The front garden is overgrown, the window frames are green and the driveway is covered in clumps of moss. When Dad opens the door for the first time, he kicks dirt into the hallway and that’s us in a nutshell. We make stains because we have stains.

“It’s beautiful,” says Hazel, her eyes refusing to look at the dirty carpets or the peeling plaster.

“Thank you,” Mom replies.

Something quiet and subtle passes between them, the briefest moment in which they look almost identical. Then Rowan storms past with a huge box. “You should know by now, little brother. Don’t come in without your arms full.”

I walk back to the car where Dad is looking up at our new home.

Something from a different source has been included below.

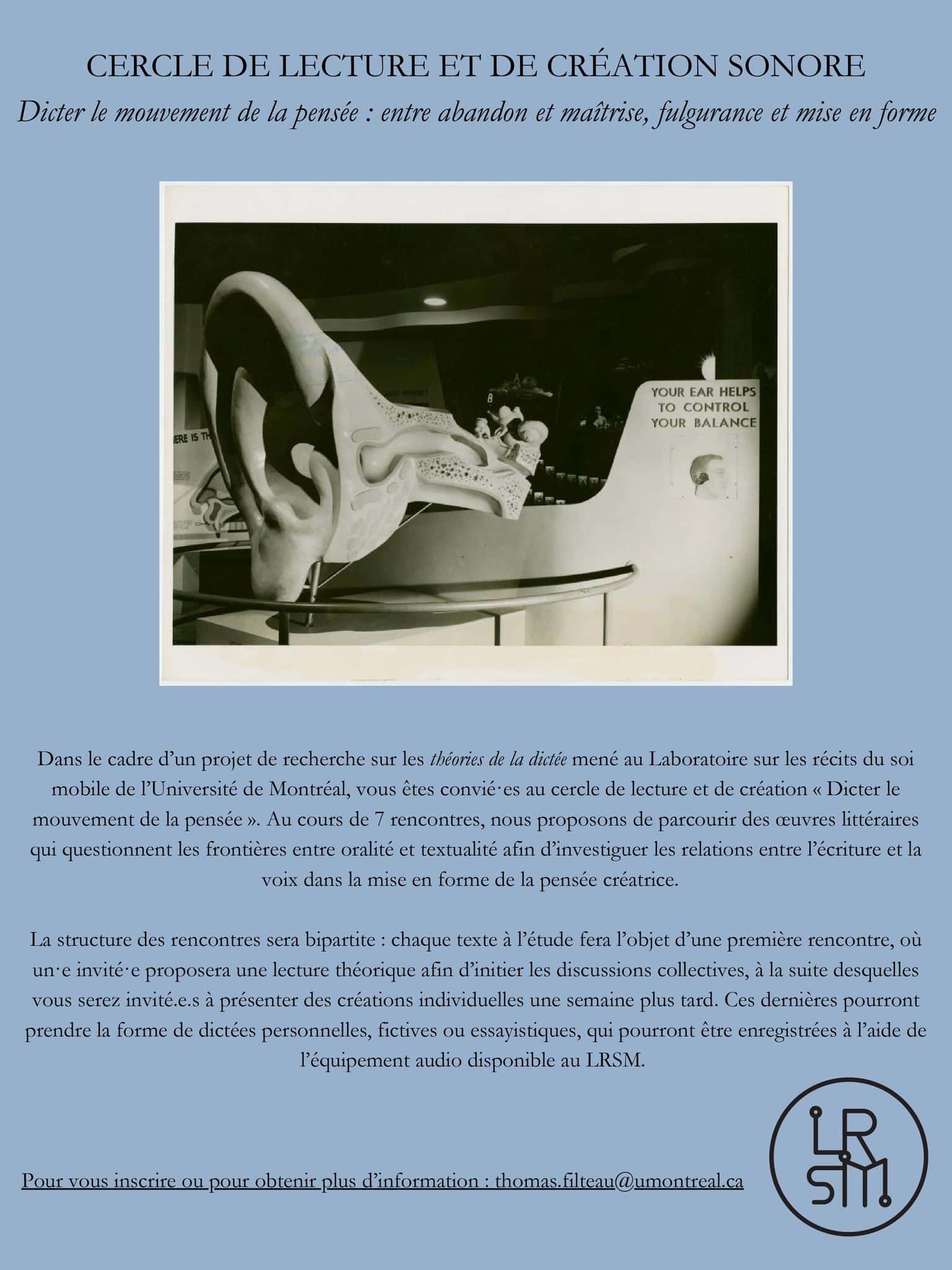 Le Laboratoire sur les récits du soi mobile, dirigé par Simon Harel (CELAT), vous convie à son cercle de lecture et de création sonore intitulé « Dicter le mouvement de la pensée : entre abandon et maîtrise, fulgurance et mise en forme », organisé par Aglaé Boivin et Thomas Filteau.

When he sees me, he sighs and says, “This is a house in need of renovation, isn’t it?”

“Something like that.”

We lived in a beautiful house. That was an expectation—for the streets surrounding Murder Road—as if perfectly manicured flowerbeds and freshly painted fences could hide the stench of our neighbors’ dirty secrets.

“Nate?”

Dad’s hopeful face slowly comes back to the forefront before I say, “I’m sorry. I just want it to be different this time.”

“It will,” he says. “I promise.”

This often happens to parents: They make vows that they cannot possibly keep.

It will not be different. It will be exactly the same because at some point in time, someone in the city we now call home will realize where we come from.

They will seek out the place we flee from, no matter how many times we tell them not to. And in the end, they will be dead.